Childless New Jersey special needs teacher left $1million in her will to her school

Genevieve Via Cava (pictured) died aged 89 in 2011, a decade after she retired from her role at Dumont Public Schools

A childless New Jersey special needs teacher has left $1million in her will to her students.

Genevieve Via Cava died aged 89 in 2011, a decade after she retired from her role at Dumont Public Schools.

Now, seven years after the beloved  teacher’s death, Dumont received a surprise from her estate; a $1 million check.

School superintendent Emanuele Triggiano called it ‘a blessing.’

‘I wasn’t surprised that she was going to be donating something,’ Triggiano told the New York Times. ‘The surprise was the amount of money she sent to us.’

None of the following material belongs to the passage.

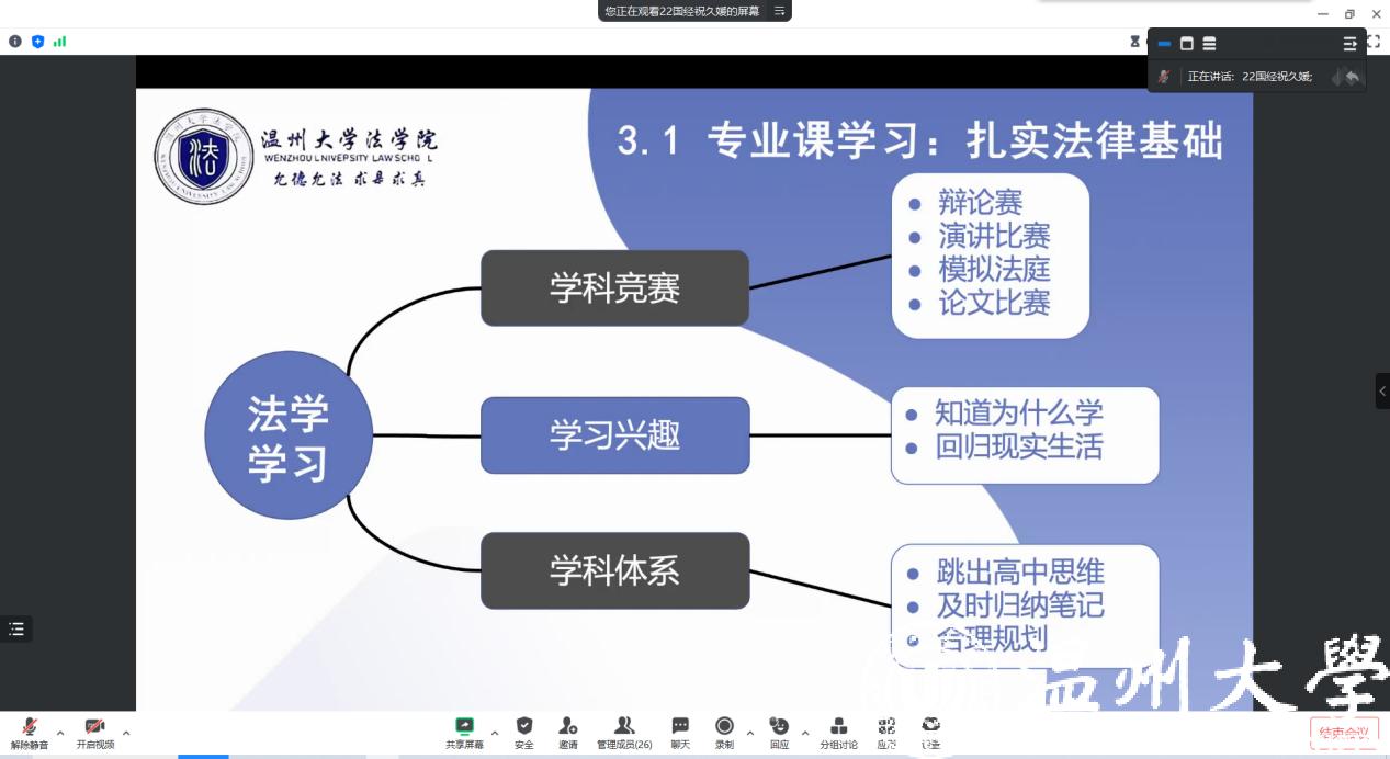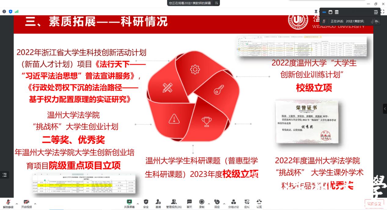 来自法学专业的黄歆妍同学,她从专业学习、学生工作、素质拓展三方面分享了进入大学以来三年的法学学习、生活和工作,展示了自己的学习方法、工作收获和成就,最后表示随时欢迎同学们前来提问。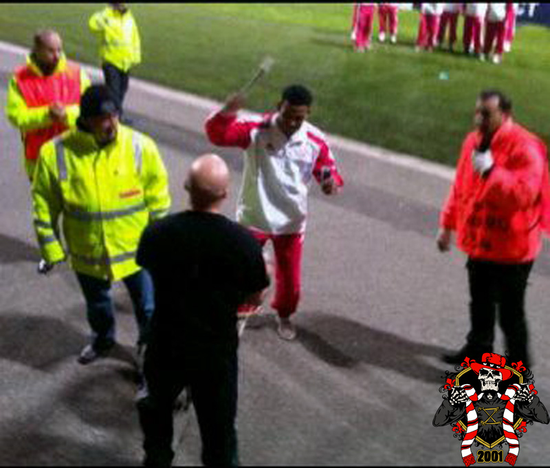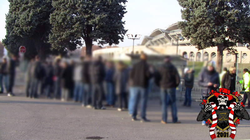 Het begin van een onvergetelijk dag in Lyon. Waar een aardige groep pas na de aftrap het stadion betrad. De oorzaak zat hem in het feit dat er op een paar 100 meter van de middenstip nog een wedstrijd werd gespeeld, waar Ajax wel de volle 3 punten pakte.

Friends of Cava, who had no children or immediate family, had grown up in the Depression and spent her life scrimping and saving.

By the time of her death, she had saved $1 million which will be used to create a scholarship for special needs students. 

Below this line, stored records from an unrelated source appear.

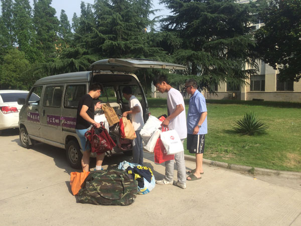 图:学子们把衣物装上车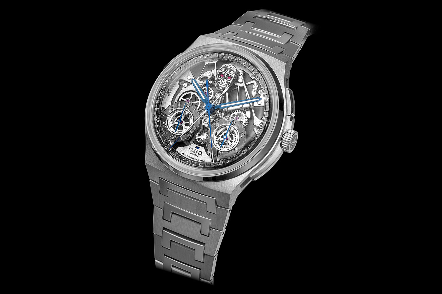 Czapek & Cie looked to Karel Čapek’s 1921 play R.U.R. – Rossum’s Universal Robots to present the new Antarctique Rattrapante R.U.R.. On the dial, the split-seconds chronograph takes center stage thanks to Calibre SXH6, developed with Chronode’s Jean-François Mojon. Alongside the rattrapante mechanism that’s duly exposed, a miniature titanium robot is perched above the chronograph column wheel. Crafted by MD’Art, its neon-painted eyes change colour with each click of the pushers.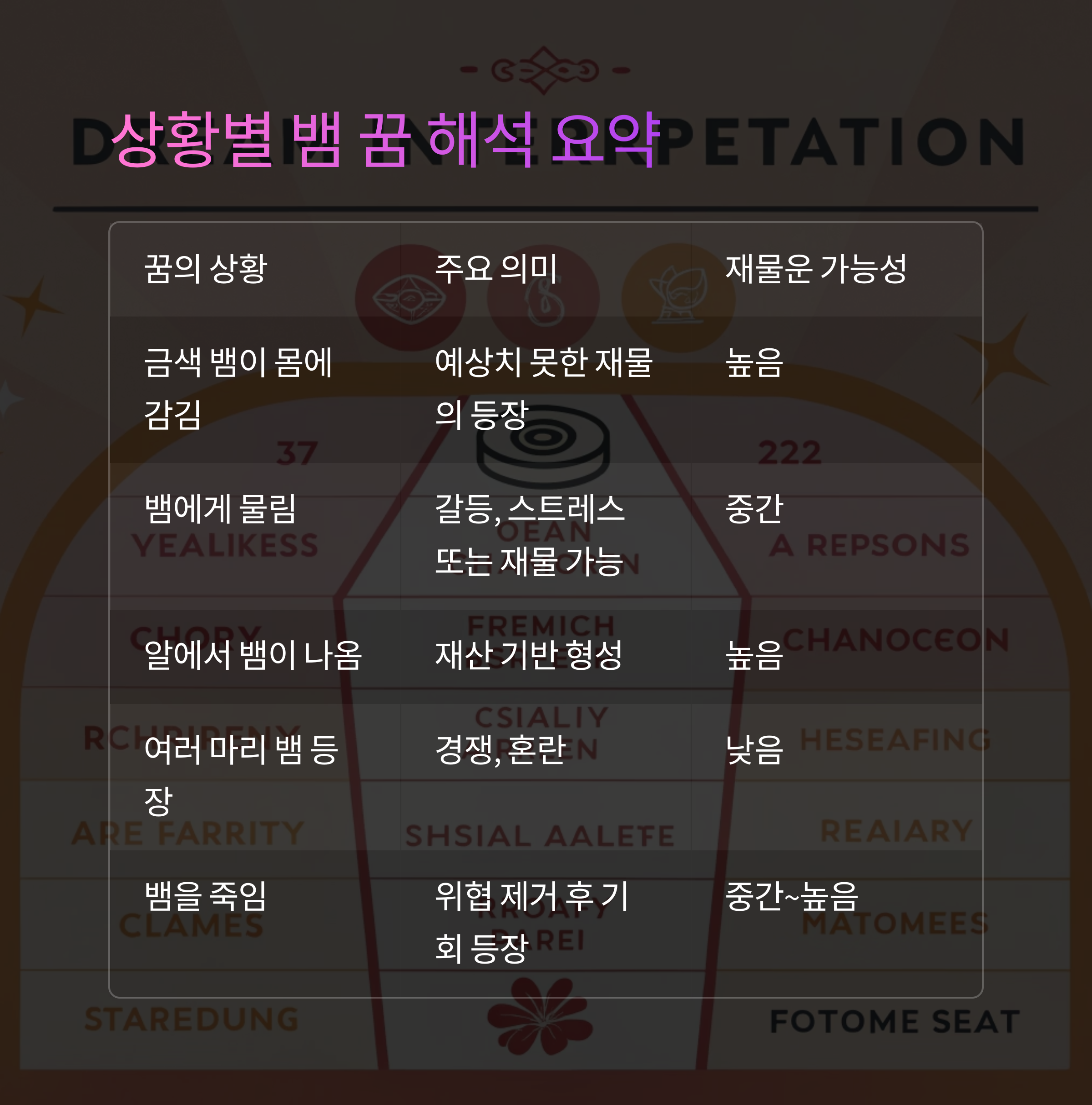상황별 뱀 꿈 해석 요약 표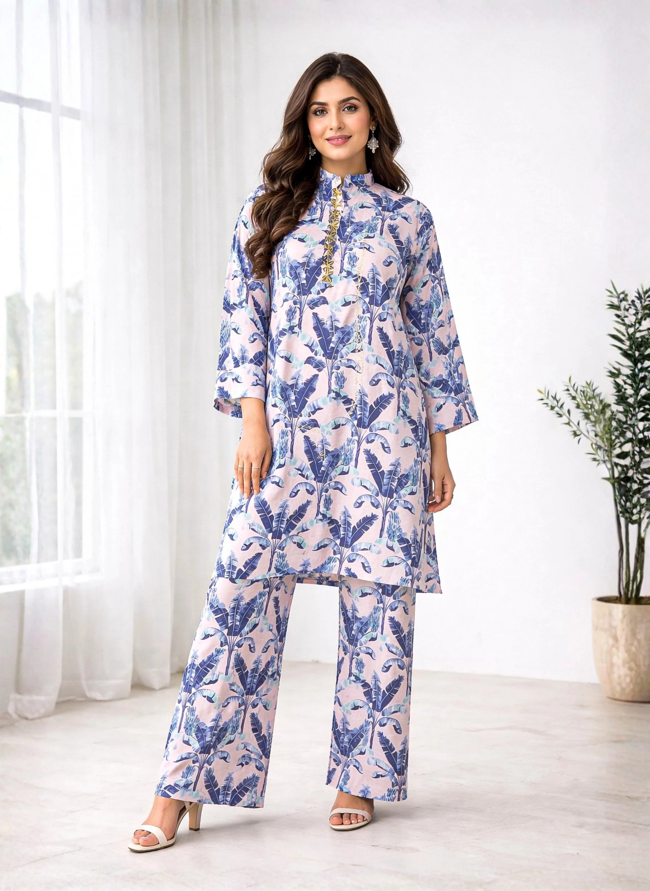 - Design Details: premium Korean Silk 2-piece set. Featuring a vibrant tropical leaf print in shades of blue and lavender on a soft pastel base. The shirt is adorned with a delicate lace-trimmed neckline and paired with matching wide-leg trousers for a chic, contemporary look.

Beginning with next spring’s high school graduates, the scholarship fund will be available to special education students planning to continue their education. Students will be able to received up to $25,000 per individual.  

‘In the event the scholarship fund grows to the extent that two or more scholarships can be made available, we can then give it to additional students,’ Triggiano said.

Cava spent 45 years as a special needs teacher at the middle school and high school levels in Bergen County, in northern New Jersey, where she was a beloved and dedicated teacher. 

Cava spent 45 years as a special needs teacher at the Dumont Public Schools in Bergen County, in northern New Jersey (pictured) 

Cava spent 45 years as a special needs teacher at the Dumont Public Schools in Bergen County, in northern New Jersey (pictured) 

The school district’s business administrator, Kevin Cartotto, said he was stunned by the move, but if anyone was to make such a grand generous gesture, it would be Cava.

Cava’s friend Richard Jablonski, 63, who was also executor of her will, said she’d managed to save an incredible amount of money over the years by her resourcefulness.  

She refused to buy full price clothes, or even buy the hearing aids she needed and stopped going on vacation after her husband died. 

Her generosity didn’t end with the check either. Jablonski said she cared about her students both inside and outside the classroom. She even helped several of her former students, by then in their 20s or 30s, find jobs.

‘She was an amazing woman who could light up a room just by walking in,’ Jablonski told NorthJersey.com. ‘She had a smile that was unbelievable. She could talk to anybody just to start conversation with them, and by the time they walked away, they would be hugging.’ 

He added that he was glad her act of generosity would mean she would not be forgotten.